[MUD-Dev] Re: WIRED: Kilers have more fun
Nathan F Yospe
yospe at hawaii.edu
Thu Jul 9 14:06:30 CEST 1998
On Thu, 9 Jul 1998 CJones at aagis.com wrote:
:Now, the players will have some degree of control over an area. There
:aren't any real boundaries unless I enforce "zones" or "realms" which,
:for me, are convenient mechanisms to make sure that objects stay in
:the correct scenario. I assume that for the players to take their
:roles and responsibilities seriously, they'll have to command their
:"tools for enforcement", the henchmen NPCs and PCs, to police the area,
:collect taxes, etc. The players decide the policies, and with
:appropriate scripting, the NPCs can carry them out ("Aye, lad. Abide
:by the laws and us'll be friends.").
:As the stories and rumors get passed from town to town, other players
:will hear about what happened and challenge Bubba and crew in the
:same way Boffo was challenged. The MUD can regenerate Boffo as
:Boffo, jr., and let him try to recapture the tower with a small
:army of henchmen (I hope this would be an automatic process).
:Upside: The game starts to develop its own systems of tyrannical player
:rulers, an atmosphere of achivement and competition for less powerful
:players striving to rule, and laws can begin to be enforced.
:Downside: I would have to ensure that I have a small army of programmers
:ready to write the scripts or code to make things happen. Bubba decides
:that he wants to fortify the tower, so he builds a keep around it. He
:then adds traps, etc. This is definitely not something for a compiled
:MUD. :-) Assassins, invisible killers, and others of that ilk will have
:an easier time taking a tower than Bubba the buffed fighter-type.
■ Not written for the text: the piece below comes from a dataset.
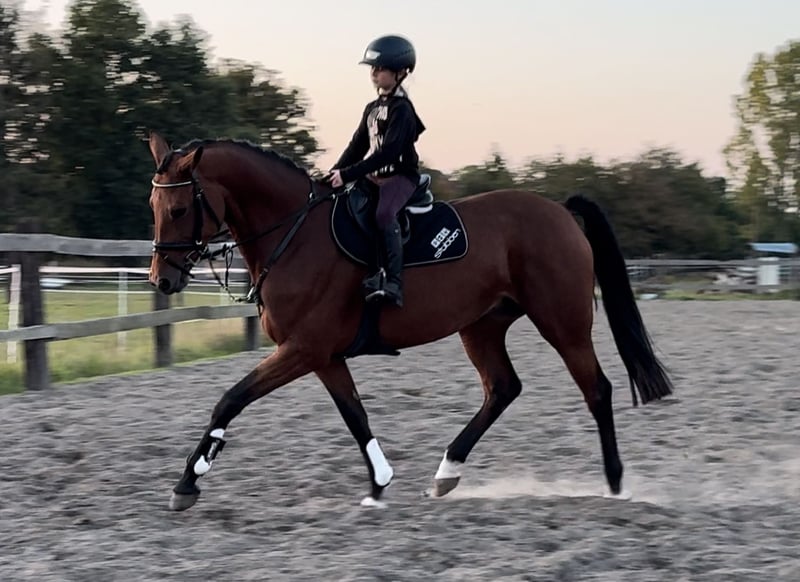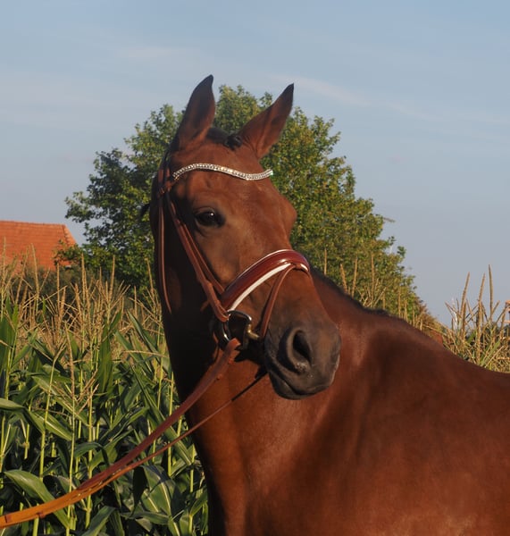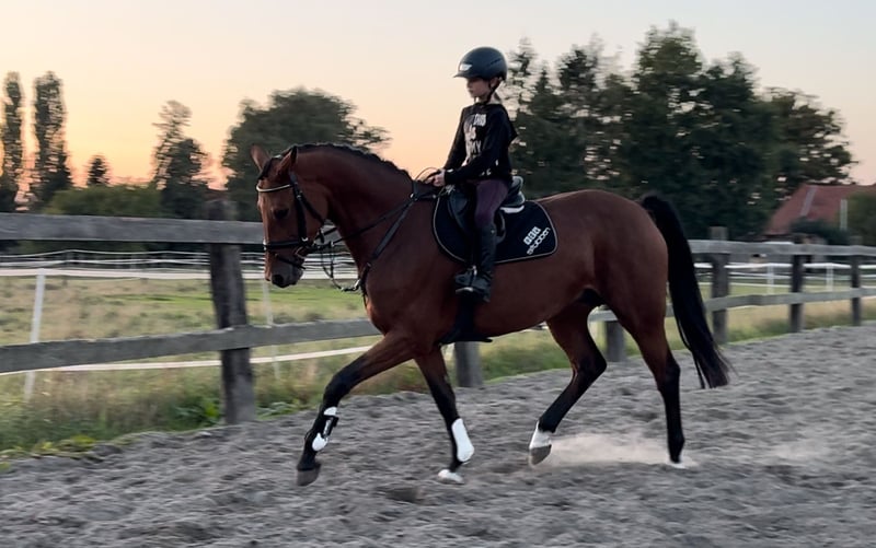 Łatwa w ujeżdżeniu klacz o znakomitym pochodzeniu! Z tego powodu przez ostatnie lata była w hodowli. Ostatnie źrebię zostało niedawno odsadzone i teraz jest ponownie szkolona. Dobrze reaguje na pomoce, bardzo towarzyska, skacze pięknie. Może być wykorzystywana jako koń sportowy lub rekreacyjny, na życzenie może być również pokryta naszymi ogierami w dowolnym momencie. Oczywiście zdrowa, brak znanych chorób wcześniejszych lub nietolerancji. Aktualny, bardzo dobry przegląd rentgenowski już jest dostępny. Zapytania dotyczące wideo itp. wyłącznie wstępnie przez WhatsApp.

:Similar idea, different execution: why not have player or scripted NPC
:barbarian horde leaders, with small armies of henchment? That would
:really shake up small town life. :-)
This doesn't actually have to be online... and the mud *can* be compiled. I
*know* I'm the only person here who doesn't have a programming language, as
opposed to a building framework, for reasons that come down to "programming
languages are too unsophisticated for my needs", but... well, think of this
as a case of definition. A programming language needs to be able to define,
among other things, the state of the world. That's unacceptable. There's no
way a programming language can work around this and still be usable, unless
it is, essentially, an interface definition kit. That's what I have, and as
it ended up being too unweildy to program with... I redesigned it as a tool
that can eventually be set up with a GUI and a set of parameters... and the
effective result of filling out a form, and assembling smaller things. With
this in mind... if I were to say that this is quite the approach I hope for
in time, when I'm running the mud on a public machine? Well... the point is
this: Complex behaviors being evaluated by the mud are a drain, and there's
no need to keep eight *large* neural nets running at the same time just for
a single NPC... when that NPC, and a few hundred more like it, can run from
a remote computer and interface just like a standard client, only without a
text or graphical interface... in other words, STORE THE AIS ELSEWHERE! The
critters from Creatures, which I believe Ling just mentioned, show what the
potential of a neural net based AI can be. (No, I don't do the "chemicals",
at least not in the AI. I do have instincts and such running on *both* NPCs
and PCs, though, which amount to chemicals, in terms of effective weighting
of input data... and the neuron count for a *normal* client is currently at
about 12,000... the NPC would be even worse. I don't want that on the mud's
host machine. Put the clients on remote machines... any remote machine... a
PC here, a university account there... give PCs incentives to install these
NPC executables and run them... and I end up with a lot more capability for
simulated NPC inteligence. Add to that the tokenization of language... with
the fact that the NPC can eventually learn to talk to PCs... and perhaps in
time some of them will pass Turing tests.
--
Nathan F. Yospe - Aimed High, Crashed Hard, In the Hanger, Back Flying Soon
Jr Software Engineer, Textron Systems Division (On loan to Rocketdyne Tech)
(Temporarily on Hold) Student, University of Hawaii at Manoa, Physics Dept.